### Aim of the task
Write out every line exactly, from the start of the records below to the line with "Готовая домашняя работа", and stop there. Don't write out the pictures.

### Exercise input

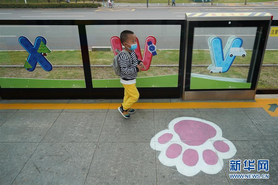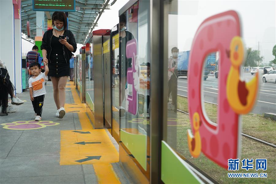 5月31日,一名小乘客在南京市建鄴區(qū)河西新城有軌電車友誼街站候車。新華社記者季春鵬攝
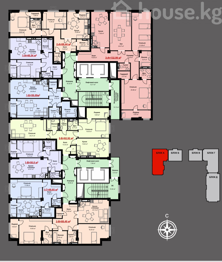 - Площадь 132.9 м2 , А блок
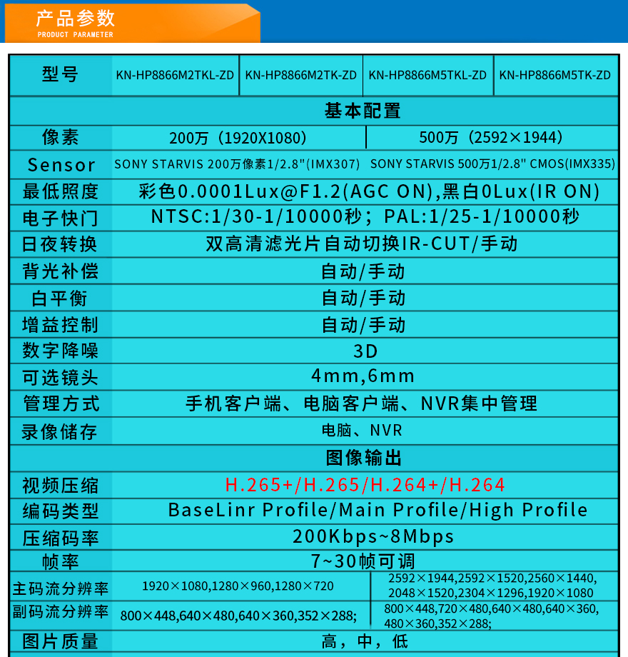- 智能黑光全彩高清攝像機(jī) KN-HP8866-ZD
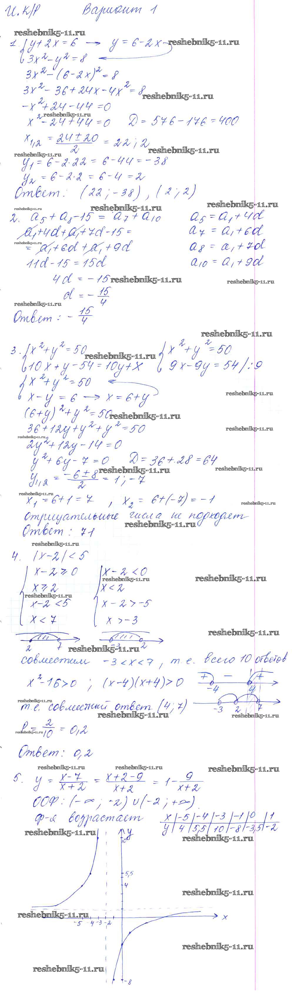 Готовая домашняя работа с ответами по Алгебре за 9 класс Александрова Контрольные работы Базовый уровень Мнемозина 2016 ФГОС - Итоговая контрольная работа вариант №1
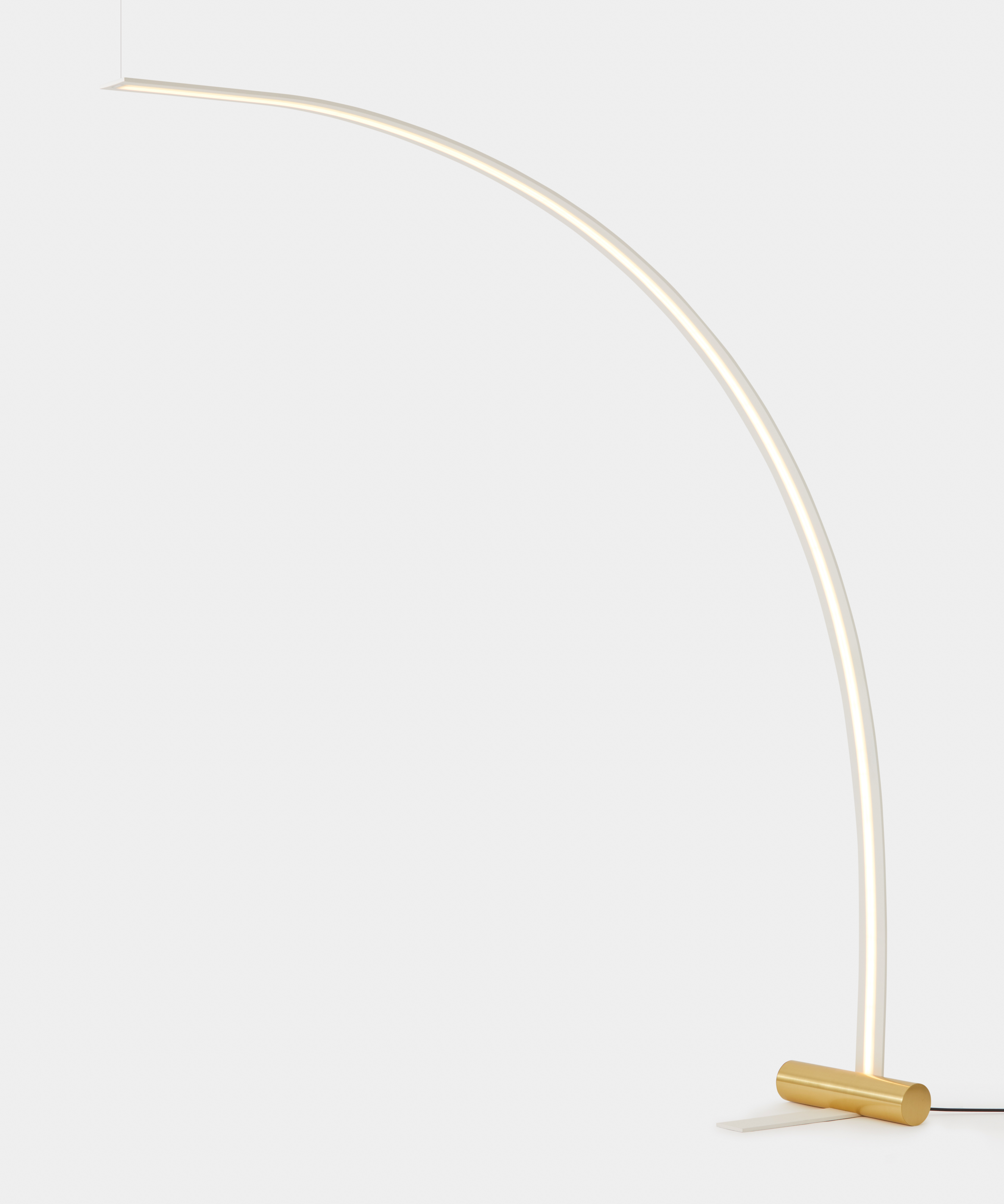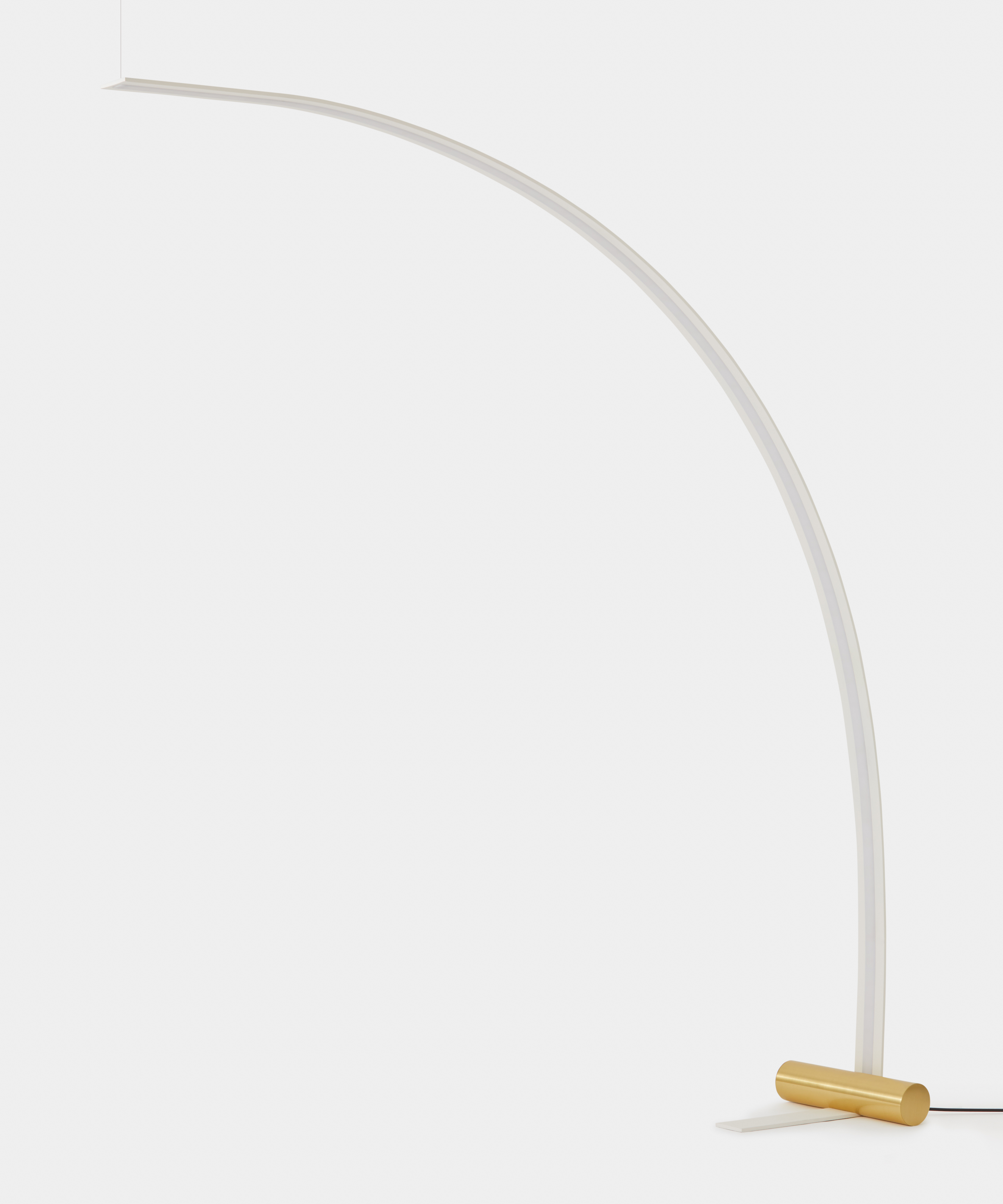 The Nastro collection of suspension, wall, floor and table lamps designed by Studiopepe sees an epoxy powder coated aluminum band structure accompanied by a cylindric weight that counterbalances its flexuosity, in a refined visual balance. The light source consists of a dimmable LED strip; the cylinders are available in epoxy powder coated metal, in wood, in brushed brass and in raw concrete.
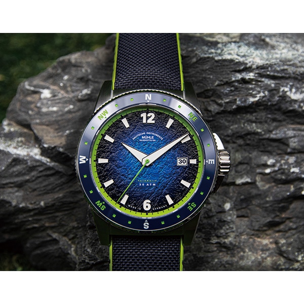 Muhle-Glashutteの新作スポーツウォッチシリーズ「SPORTIVO(スポーティヴォ)」。優れた機能性と洗練されたスポーティなスタイルで、オフィスや仕事後、トレーニング、アウトドアでの冒険など、様々なシーンにおいて日常生活の理想的なパートナーとなるよう設計されていました。SPORTIVO コンパスデイトには、双方向コンパスベゼルが搭載され、長時間のトレッキングにも最適。時計の時針を太陽に向け、コンパスベゼルの南の目盛りを合わせることで、全ての方角が一目で確認できます。ステンレススチールケース、反射防止サファイアクリスタル、セラミックベゼルが組み合わされ、視認性が確保されています。
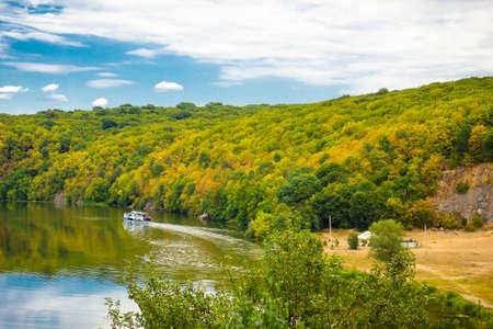 Beautiful river landscape. Dniester river in Bakota Ukraine in nice day

### Result
 5月31日,一名小乘客在南京市建鄴區(qū)河西新城有軌電車友誼街站候車。新華社記者季春鵬攝
 - Площадь 132.9 м2 , А блок
- 智能黑光全彩高清攝像機(jī) KN-HP8866-ZD
 Готовая домашняя работа с ответами по Алгебре за 9 класс Александрова Контрольные работы Базовый уровень Мнемозина 2016 ФГОС - Итоговая контрольная работа вариант №1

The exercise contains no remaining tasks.